New Pathways Studied to Repair Nerves

Nov. 7 -- THURSDAY, Nov. 6 (HealthDay News) -- Nerve cells in the spinal cord and brain can't be repaired now if they are severed or damaged, but two ways to get them to grow again are being proposed by separate groups of researchers.

The basic idea of both approaches is to interfere with the built-in mechanisms that prevent nerve cell regeneration. One approach attacks it from the outside of nerve cells, the other from the inside.

Zhigang He, an associate professor of neurology at Children's Hospital Boston, a teaching affiliate of Harvard University, compared the two approaches to different ways of starting a stalled auto.

"Their idea is that something is blocking the highway," said He, lead author of one of the two papers in the Nov. 7 issue of Science. "Our mechanism deals with possible engine trouble."

Growth controls are built into the genes of nerve cells, He said. His group has identified two of the key genes that inhibit the major growth pathway in nerve cells. When those two genes are knocked out, cells that are damaged or severed can grow new axons, the pathways that carry messages from cell to cell.

A study in which mice whose optic nerves were damaged showed up to 50 percent of those cells engineered to lack the two growth-inhibiting genes survived, compared to 20 percent of the cells carrying those genes. Significant axon growth was seen in up to 10 percent of the mice lacking the genes.

Genetic engineering is not necessary to achieve that kind of nerve growth, He said. "In the future, we could have small-molecule drugs to activate these pathways," He said. "Other people have studied this pathway already, and there are quite a few possible targets."
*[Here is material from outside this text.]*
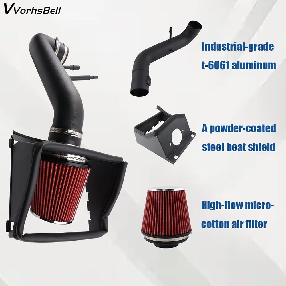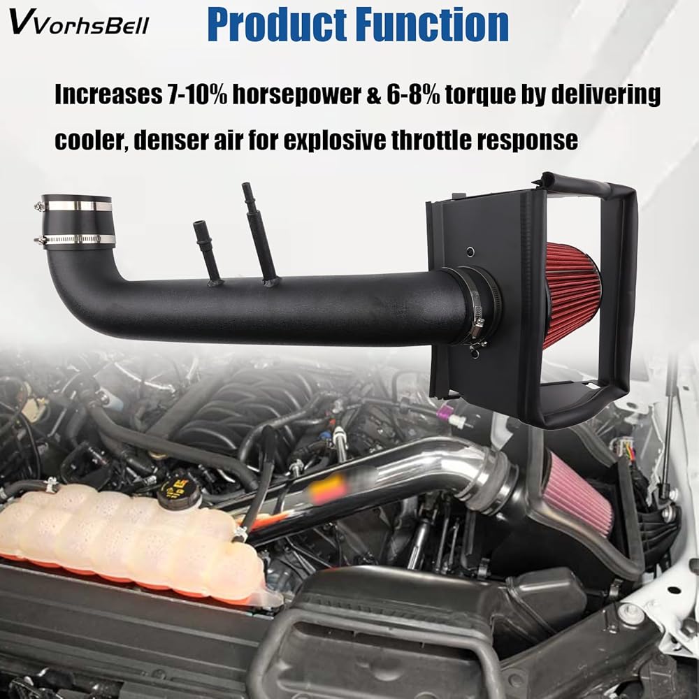 【Installation】Cold air intake kit f150 v8 5.0 motor includes air filter, intake tube, heat shield, and silicone connectors

He's group has started to work with some candidate compounds. "It's too early to say if these compounds would be effective," he said. "We don't know about toxicity, that sort of thing. We have lots of work to do."

A second paper by researchers at the San Francisco-based biotechnology company Genentech looked at the growth-preventing mechanism built into myelin, the protective sheath that surrounds nerve cells. They have identified a previously unknown receptor for the growth-preventing molecules in myelin. Block that receptor, and growth can be restored, said Marc Tessier-Lavigne, executive vice president of research drug discovery at Genentech.

"This is a mechanism we can try to target," Tessier-Lavigne said. The paper describes a molecule that has blocked the receptor in mice. "Now we are working on a human protein."

Both approaches require more work, said Dr. William D. Snider, director of the University of North Carolina Neurosciences Institute, and co-author of an accompanying editorial.

The idea of blocking growth-preventing genes "is a very clever way of restoring normal levels of proteins," Snider said, but he was cautious, because all the work reported in the paper was done in mice.

"Mice are extremely small animals when you compare their nervous systems to humans," Snider said. "Work in primates might be more relevant. Those of us who have been in the field for a while are extremely cautious about extrapolating from mice."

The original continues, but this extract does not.